It was seven months ago when investigators first moved in on the Delmar home of law clerk Peter Porco. On Nov. 15, he was found bludgeoned to death, and his wife Joan was brutally beaten. No one has been charged, or even arrested. Answers remain few and far between. But their son Christopher Porco, 21, has been called a "person of interest."
As for what's new, at a news conference this week DA David Soares said that the grand jury hearing evidence in the Porco case has now been extended -- but Soares wouldn't say for how long.
Attorney Paul DerOhanessian said that a grand jury extension is not unusual and typically runs anywhere from three to six months.

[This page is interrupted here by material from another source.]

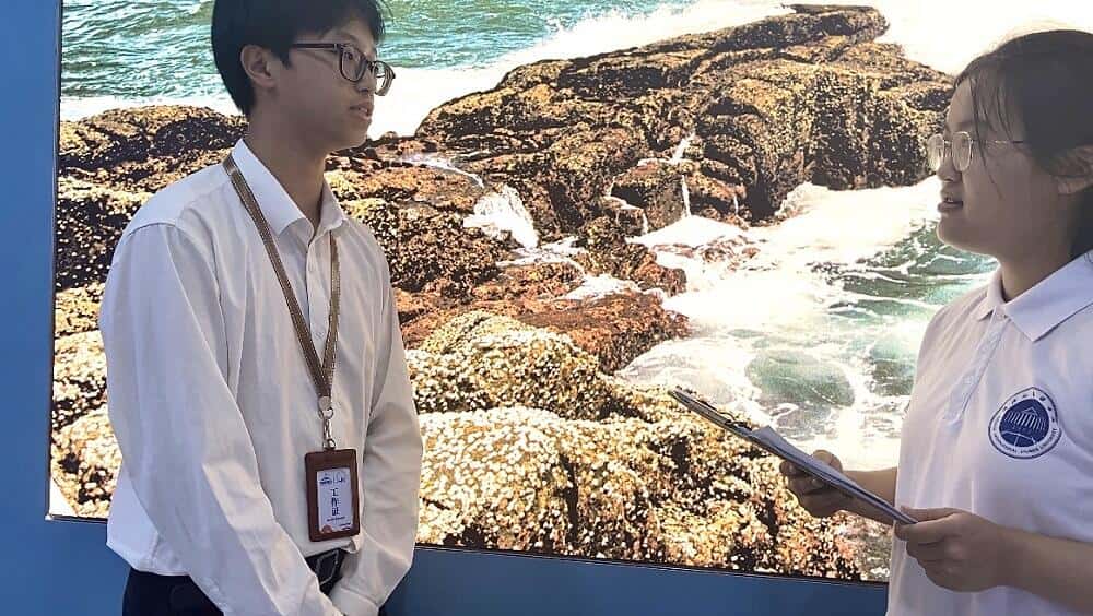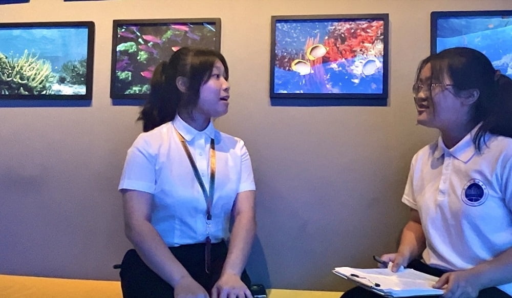 實踐隊員采訪海洋館工作人員工作人員介紹了島上多樣的生態(tài)系統(tǒng),以及島上保護區(qū)和海洋保護政策的推動,包括對海草床和珊瑚礁的保護,島上形成了一個強大的藍色碳匯,有效減緩了溫室氣體的排放。一系列環(huán)保措施的推動使島上生態(tài)得以可持續(xù)發(fā)展。

Sometimes, if an extension is filed for less time than that, it could mean movement in the case.
DerOhanessian said, "Ordinarily a prosecutor who anticipates an indictment in the near future will request only a shorter extension."
An Albany County case that isn't even in the courts yet is the May murder of a 14-year-old girl who never made it to Hackett Middle School. Gretchen Perham was stabbed to death and left in a wooded area.
In a case police are calling "similar," another 14-year-old Hackett Middle School student was attacked by a man carrying a butcher's knife. After that, Perham's case went national with a spot on the show America's Most Wanted.
Host John Walsh -- in town to film a commercial on Tuesday -- said the spot led to more than a dozen calls and that they'll be looking into a potentially helpful surveillance tape from that butcher's knife attack several weeks ago.
There are several unresolved, high profile crimes in Albany County. One is the murder of Gretchen Perham. Another is the murder of Peter Porco.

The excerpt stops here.